Courtney Love Calls Kurt Cobain ‘Greatest True Love’ In Heartfelt Christmas Message


Courtney Love took to Instagram to share a Christmas message for her late husband Kurt Cobain, which was accompanied by a picture of herself with Kurt and their daughter, Frances Bean, celebrating Christmas, NME reports.

Captioning the image, she wrote, “That Christmas moment in everyones lives that you never forget, the one that makes you feel on top of the world, where the greatest gifts are the loved ones you shared that moment with.”

“I’m grateful to have ever experienced that moment. Merry Christmas Kurt, the greatest true love I’ve ever experienced in my life. You gave me the gift that makes life worth living, our incredibly talented, loving, beautiful and gifted daughter Frances Bean Cobain. Merry Christmas Bean, love mom and dad.”

Kurt was found dead at his home in Seattle on April 8, 1994. His death was officially ruled a suicide by a self-inflicted shotgun wound to the head. During the last years of his life, Cobain struggled with heroin addiction, chronic illness, and depression. He also spoke about the difficulty he had coping with fame and the pressures surrounding himself and Courtney.

Love and Cobain met in 1990 at a nightclub in Portland, and he initially rejected her advances, but later admitted in an interview that he found her hard to resist. The couple bonded through drug use, and although their union was met with opposition from their peers and colleagues, Kurt and Courtney wed in 1992 on Waikiki Beach in Hawaii. She gave birth to their daughter Frances Bean Cobain on August 18, 1992.

Bean’s birth was shrouded in controversy after Love admitted in a 1992 Vanity Fair article to using heroin while pregnant. Even though she claimed to not know she was pregnant while doping up, the confession created a media frenzy and she and Kurt were hounded by reporters after the article was published, many wanting to know if Frances was born addicted to drugs.
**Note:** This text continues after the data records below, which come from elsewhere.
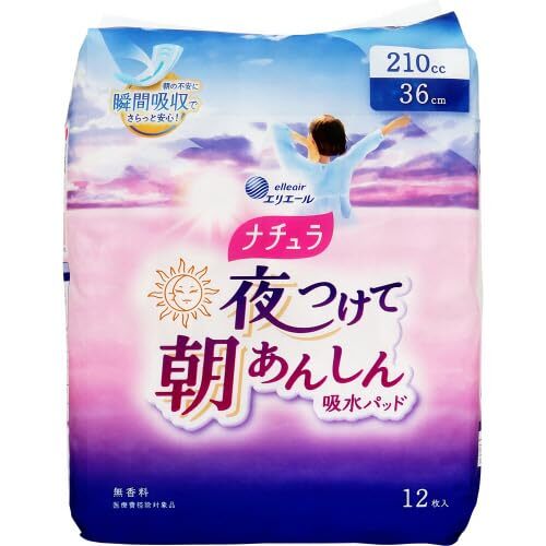 - ナチュラ夜つけて朝あんしん吸水パッド36cm210cc12枚 容量12マイ 大王製紙 生理用品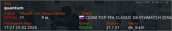 Играет на Counter Strike 1.6 сервере. Страна: РоссияПервый раз замечен 00:30 25.02.2026
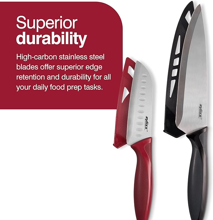 Zyliss Utility Kitchen Knives with Sheath Covers - Dishwasher Safe - Stainless Steel Kitchen Knives Perfect for Cutting Meat, Vegetables & Fruit - 2 Piece Santoku & Chef Set
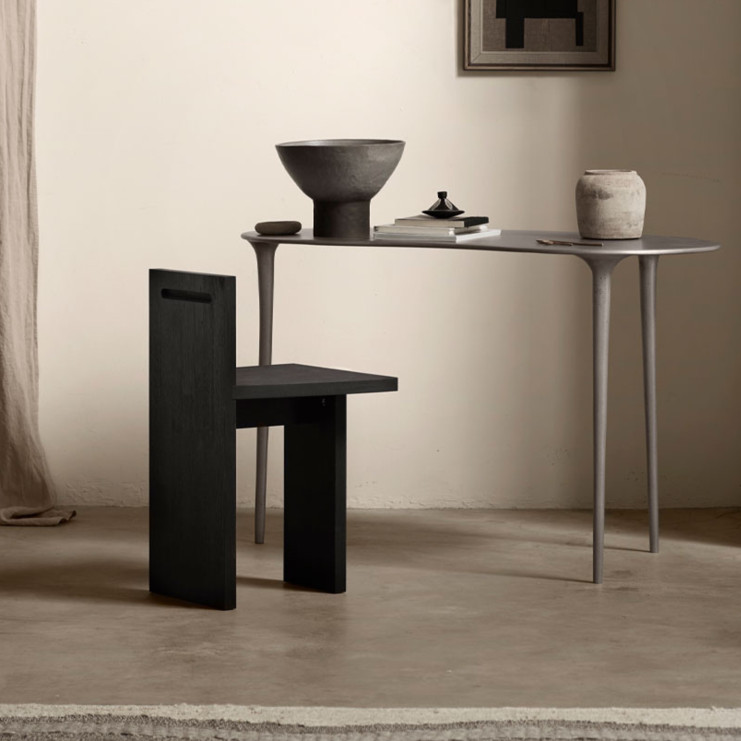 This chair is from our Koru series, where the furniture is designed in a fusion of Scandinavian simplicity and Japanese purity. The Koru series has been created with responsibility in mind, as the wood is offcuts from the Danish counter top industry. The furniture is produced in a Danish factory known for its inclusive working environment.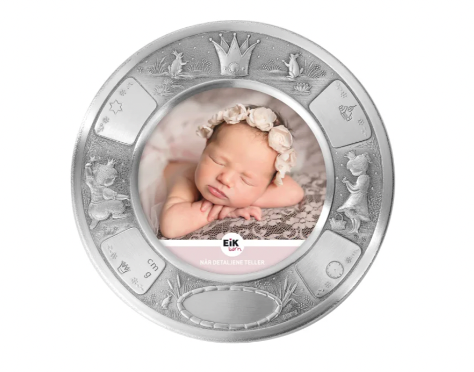 Rund fotoramme i ekte tinn med prinsessemotiv. Felter til gravering av alle fødsels- og dåpsdata.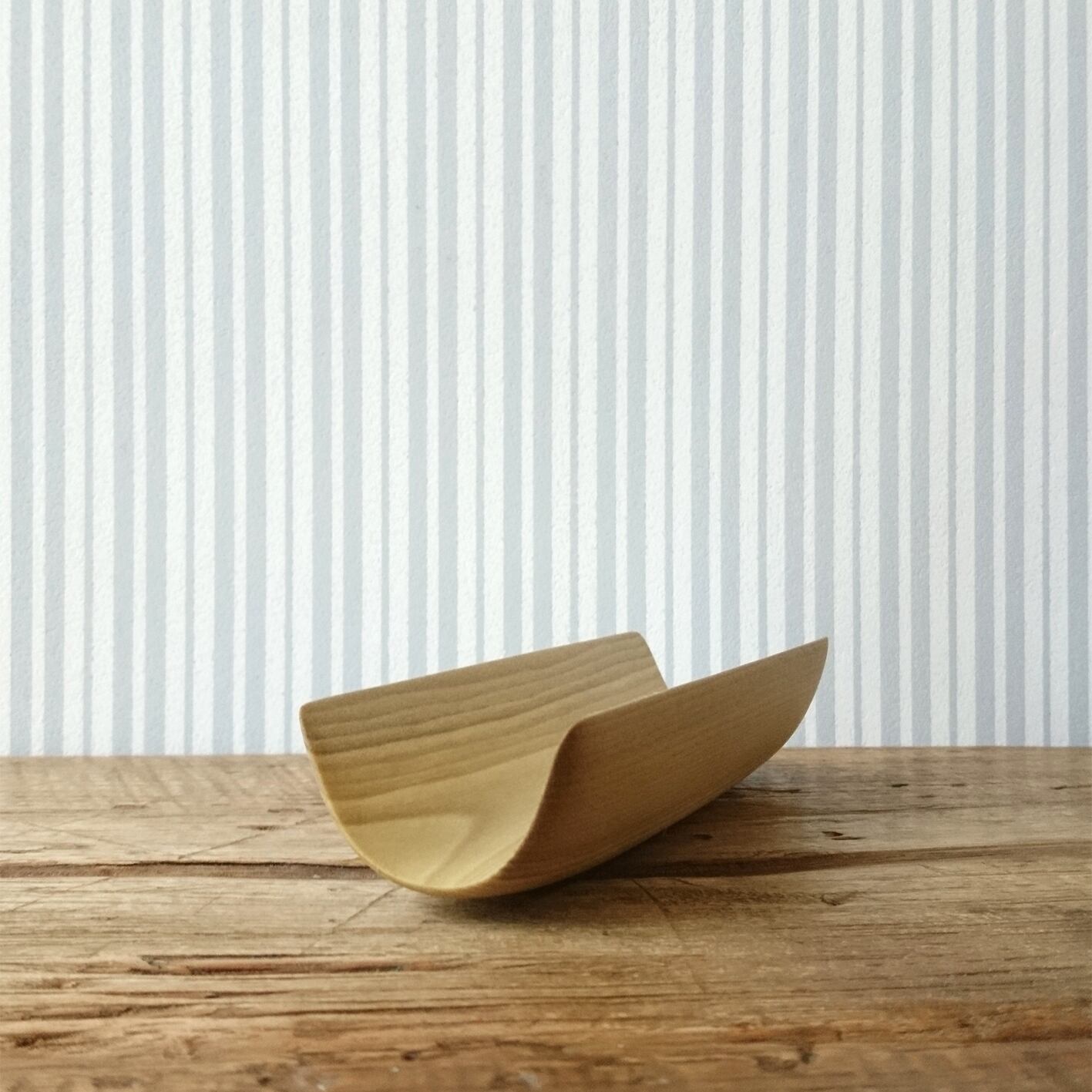ノミなどを使って削り出した後にサンドペーパーをかけ、最後に食用の亜麻仁油を塗って仕上げました。

Seattle child-welfare agents removed baby Bean for a month and the couple were only able to obtain full custody after agreeing to months of routine urine tests and regular visits from a social worker.

Love has struggled with substance abuse problems throughout her life. In 2004, on her 40th birthday, she attempted to commit suicide at her Manhattan apartment and an incoherent Courtney was taken to Bellevue Hospital and put on a 72-hour watch. She was released two days later – deemed mentally sound. She would spend the next couple of years making several public appearances intoxicated, suffering drug-related arrests and probation violations. All of which would eventually lead to Love serving six months in lock down in rehab due to struggles with prescription drugs and cocaine. She claims she’s been sober since 2007.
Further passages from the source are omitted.